# Aeropress (and Aergrind) travel case advice



## Badgerman (Nov 23, 2017)

I didn't get the Totes bag with my Aeropress as the reviews looked pants.

I've just ordered an Aergrind, so bar filters it should be compact. What do you guys use as cases for these for travelling?

It will be ok my bike bag to work and suitcases traveling etc.


----------



## DavidBondy (Aug 17, 2010)

Badgerman said:


> I've just ordered an Aergrind, so bar filters it should be compact. What do you guys use as cases for these for travelling?

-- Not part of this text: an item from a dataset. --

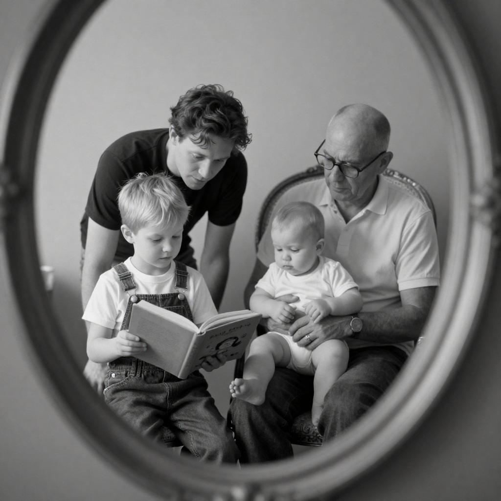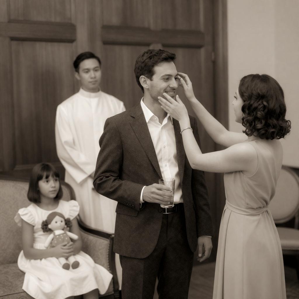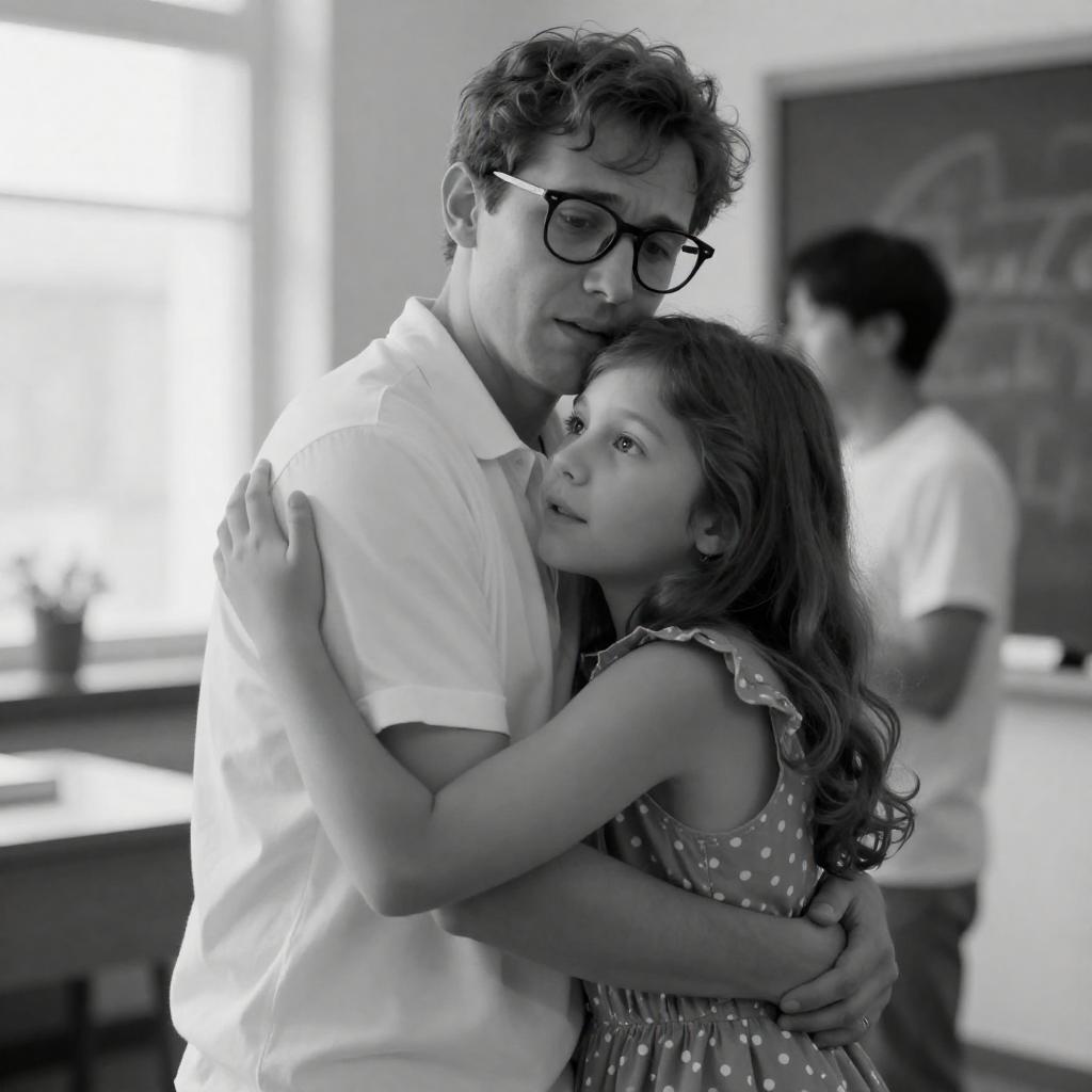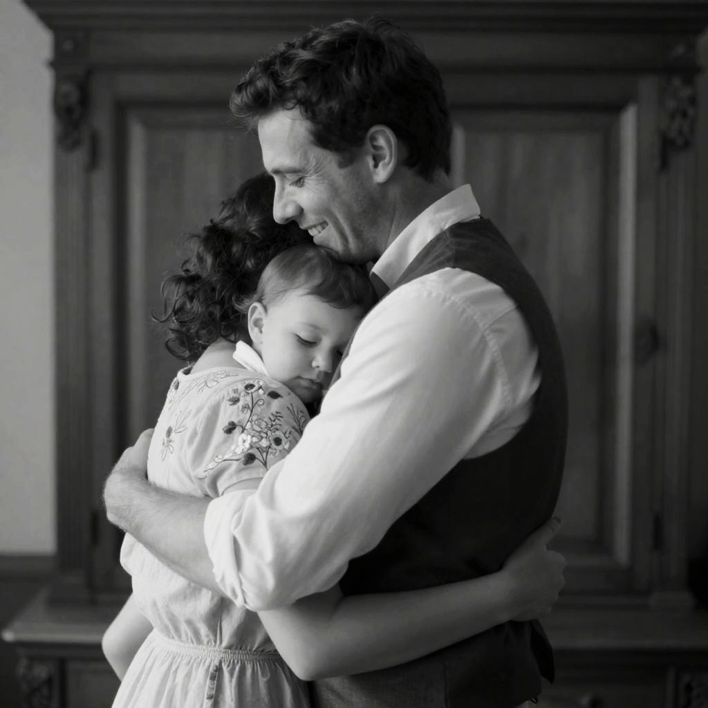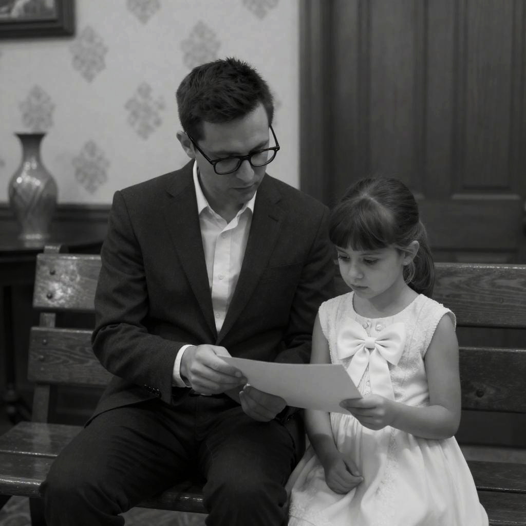 Black-and-white photograph of a man and young girl sitting on a wooden bench. Man in dark suit, glasses, holding object; girl in light dress with large bow, focused on paper. Floral wallpaper, wooden door, table with vase in background. Man's neutral expression, girl's intense focus. Man on left, girl on right.

When I bought my Aeropress, it came with the tote bag. I've had to re-sew the zip on at one end but it's great. I keep the Aeropress, Aergrind, Presto, stainless steel filters, scales and all the odds and sods in it. There's a bit of knack to packing it! It's flown over 150,000 miles without problems!


----------



## MogCoffee (May 12, 2018)

Yeah the tote bag is a bit bolocks ....basically cheap plastic thin pencil case! As D-B above said it's handy for holding all in one place. I sometimes use old hemp or material bag (same material as what the green beans come in). Can sneak in a small bag of beans too.


----------



## hotmetal (Oct 31, 2013)

You're right in saying the tote bag is the flimsiest of excuses for a pencil case. A quality item it is not. Put too much in it (or fail to correctly position everything) and before you know it the zip starts to pull holes where it's stitched to the cheap bag material.

However it is just the right size, and does the job if you take a little care in how you pack it. I can easily do the zip up with no straining with everything you see in the attached picture. Actually I don't even bother with the scales mostly, because I pre-weigh beans into those little round pots (Sainsbury's kitchen section) which hold upto 15g each, and the bigger rectangular pot holds more like 90g.

However if someone comes up with a better quality bag of similar size I'd be interested (It's a fair bit bigger than your average pencil case)









_______

Eat, drink and be merry


----------



## Lb1 (May 19, 2018)

Looks like a packing cube you'd use for traveling. You could use one of those as they come in various sizes.


----------



## Amvantage (Jun 20, 2018)

Nice little travel set up there.


----------